La odisea de emigrar
Un gran número de refugiados se preparaba para emigrar. Contaban con un pariente más o menos cercano, con un amigo o con el amigo de un amigo, con unos conocidos establecidos en las más alejadas partes del mundo y que, pensaban, podrían ayudarlos a culminar la emigración.
Mantenían una esmerada correspondencia con muchos sobrentendidos, enviaban costosos telegramas, pedían un afidávit o un visado, recibían respuestas, contrademandas, cuestionarios, circulares que engendraban una nueva oleada de cartas.
Luego, se pasaban las mañanas enteras delante de los consulados para saber si tal documento o tal otro hacían falta, si se atenía a las instrucciones o si resultaba inexacto. Cuando algunos salían con un visado, eran mirados como fenómenos, ¡como bienaventurados!
Partir era poco frecuente.
Despachos, agencias y oficinas de emigración suministraban las informaciones, se encargaban de las formalidades y prometían el oro y el moro. Cobraban adelantos y señales, que los refugiados les pagaban diligentemente.
Sin embargo, esas promesas nunca se cumplían. El emigrante se sentía estafado, pero al menos había pasado por un periodo de esperanza.
En cuanto a mí, mis afectos y mis vínculos me unían a Europa, y no traté de emigrar a ninguna parte.
Para todos, la existencia había perdido la ilusión y el entusiasmo... También, por rachas, caíamos en una indiferencia lúgubre, en una inercia absoluta.
Cuando me daban ganas de ver mundo, no tenía más que acercarme al paseo de los Ingleses. Bastaba con sentarse en los parajes del bulevar Gambetta, del casino o del jardín Albert-Premier para encontrarse con "conocidos", de quienes a menudo ni se recordaba el nombre, o para saber alguna noticia. Esa gente perdida y desorientada estaba deseosa de romper un silencio tan cargado, ya fuera para aligerar, mediante confidencias, sus agobiantes preocupaciones, ya fuera para conocer, entre charla y charla, alguna noticia sobre los acontecimientos políticos o para conocer la historia de otros refugiados. Cualquier cosa era mejor que deprimirse en el aislamiento.

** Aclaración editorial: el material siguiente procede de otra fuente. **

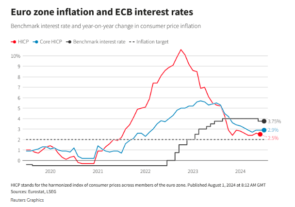 欧洲央行在6月份首次降息之后,上个月维持存款机制利率不变,并拒绝讨论下一步举措。总体而言,欧元区通胀率已降至了接近欧洲央行的2%目标附近。但服务业价格压力仍令部分决策者保持谨慎。利率市场目前预计欧洲央行9月份再次降息的可能性约为70%。
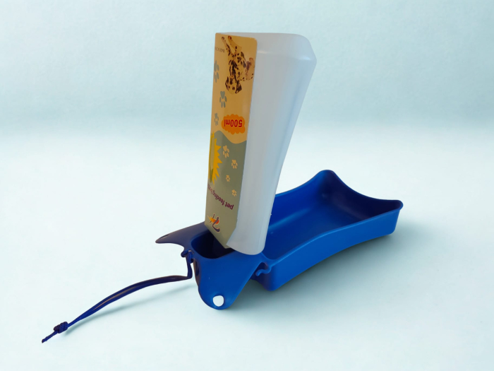 Asigură hidratarea rapidă și ușoară în timpul deplasărilor cu acest adăpător portabil pentru câini, practic și eficient. Designul tip sticlă cu tavă permite distribuirea apei direct în recipientul de băut, fără risipă.

Un día, una dama polaca de setenta y dos años me contó su éxodo, en el curso del cual había perdido a toda su familia. Estaba medio ida.
Conocí también, sentada en un banco, a una noruega cuyo marido, en el momento de ser detenido como rehén, había optado por huir. Ella se le había unido en Suecia y luego habían venido juntos... ¡hasta Niza! Ahora planeaban ir a Inglaterra, donde él quería alistarse. Ella iba con él en todos sus desplazamientos.
Un millonario holandés aguardaba la ayuda de unos amigos americanos porque carecía de recursos.